Het dichtsbijzijnde agrarische bedrijf is gelegen aan de Voortsweg 9. De activiteiten van dit bedrijf zijn grondgebonden en bestaan uit het fokken en houden van melkvee en de teelt van voedergewassen. Voor de activiteit 'Akker-en/of bouw in combinatie met het fokken en houden van dieren (niet intensief)' geldt op grond van de VNG-uitgave 'Bedrijven en Milieuzonering' een maximale richtafstand van 100 meter voor het aspect geur. De kortste afstand tussen het agrarisch bedrijf en het plangebied (bouwvlak bedrijf tot plangebied) bedraagt circa 450 meter. Daarmee wordt ruimschoots aan de richtafstand voldaan.
Aan de Aa Broek 7 is een metaalbedrijf/ijzerhandel gevestigd. Het bedrijf kan op grond van de VNG-uitgave 'Bedrijven en Milieuzonering' aangemerkt worden als 'Groothandel in ijzer- en metaalwaren en verwarmingsapparatuur' met een b.o. groter dan 2.000 m2. Hiervoor geldt een maximale richtafstand van 50 meter voor het aspect geluid. De kortste afstand tussen het bedrijf en het plangebied (bouwvlak bedrijf tot plangebied) bedraagt circa 230 meter. Daarmee wordt ruimschoots aan de richtafstand voldaan.

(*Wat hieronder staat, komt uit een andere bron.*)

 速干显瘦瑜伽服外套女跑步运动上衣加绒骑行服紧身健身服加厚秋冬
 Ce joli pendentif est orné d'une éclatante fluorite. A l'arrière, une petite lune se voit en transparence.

Gelet op het feit dat er aan de richtafstanden voldaan wordt, is er ter plaatse van het te realiseren bedrijfswoning sprake van een goed woon- en leefklimaat en worden de desbetreffende bedrijven niet belemmerd in hun bedrijfsvoering.
4.3 Geur
De Wet geurhinder en veehouderij (Wgv) vormt het toetsingskader voor vergunningverlening als het gaat om geurhinder vanwege dierenverblijven van veehouderijen. De Wgv stelt één landsdekkend beoordelingskader met een indeling in twee categorieën. Voor diercategorieën waarvan de geuremissie per dier is vastgesteld, wordt deze waarde uitgedrukt in een ten hoogste toegestane geurbelasting op een geurgevoelig object. Voor de andere diercategorieën is die waarde een wettelijke vastgestelde afstand die ten minste moet worden aangehouden.

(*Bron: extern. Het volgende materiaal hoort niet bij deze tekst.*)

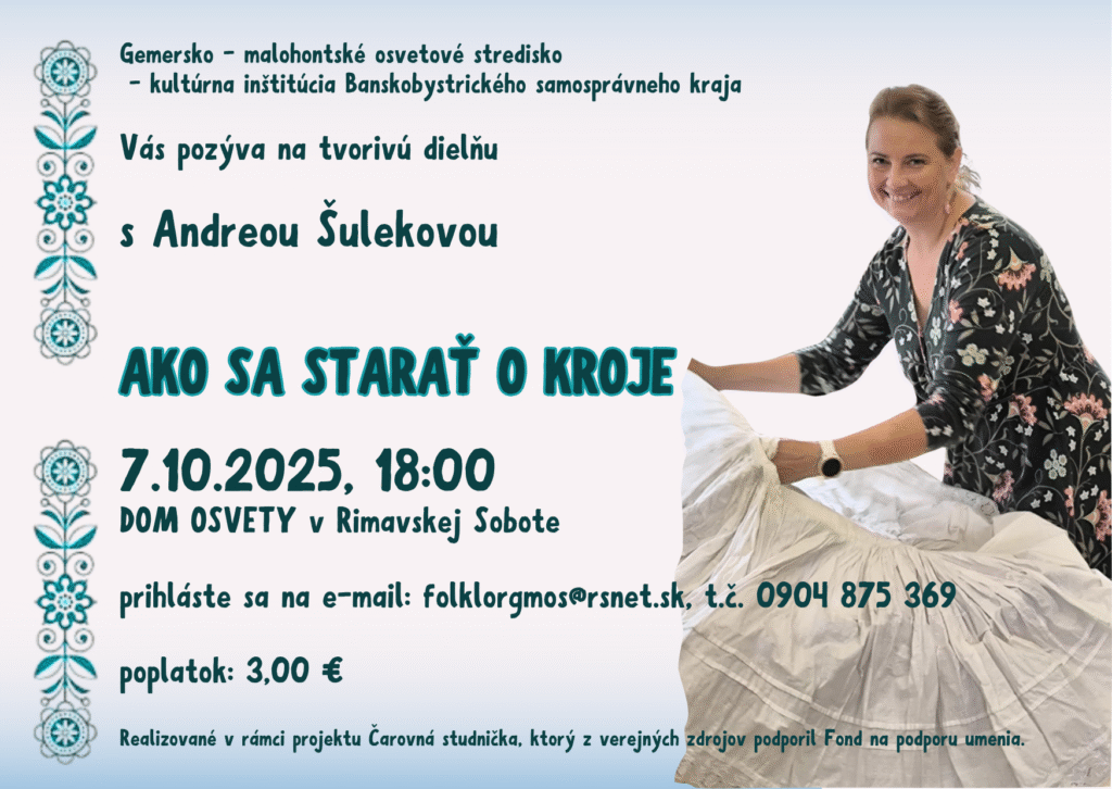 Svoju účasť na tvorivej dielni prosíme nahlásiť vopred elektronicky na folklorgmos@rsnet.sk; resp. telefonicky: 0904 875 369.
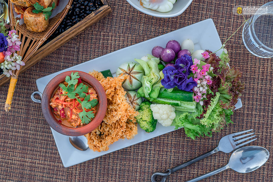 น้ำพริกมันปู เสิร์ฟพร้อมผักสด ราคา 320++

Op grond van de Wet geurhinder en veehouderij (Wgv) dient voor diercategorieën waarvoor per dier geen geuremissie is vastgesteld (bijvoorbeeld melkkoeien) en een geurgevoelig object de volgende afstanden aangehouden te worden:
- ten minste 100 meter indien het geurgevoelige object binnen de bebouwde kom is gelegen;
- ten minste 50 meter indien het geurgevoelige object buiten de bebouwde kom is gelegen.
Voor diercategorieën waarvoor in de Wgv een geuremissie per dier is vastgesteld geldt dat, binnen een concentratiegebied, de geurbelasting op geurgevoelige objecten binnen de bebouwde kom niet meer dan 3 odour units per kubieke meter lucht mag bedragen. Voor geurgevoelige objecten buiten de bebouwde kom mag deze niet meer bedragen dan 14 odour units per kubieke meter lucht.
Toets
In paragraaf 4.2 is reeds beschreven dat de dichtsbijzijnde veehouderij zich op circa 450 meter van het plangebied bevindt. Daarmee voldoet het plan aan de kaders van de Wgv. Er is sprake van een goed woon- en leefklimaat ter plaatse van de te realiseren bedrijfswoning en het agrarisch bedrijf wordt door deze bedrijfswoning niet beperkt in zijn bedrijfsvoering.
4.4 Bodem
Bij de vaststelling van een bestemmingsplan dient te worden bepaald of de aanwezige bodemkwaliteit past bij het toekomstige gebruik van die bodem en of deze aspecten optimaal op elkaar kunnen worden afgestemd. Om hierin inzicht te krijgen, dient in de daarvoor aangewezen gevallen een bodemonderzoek te worden verricht.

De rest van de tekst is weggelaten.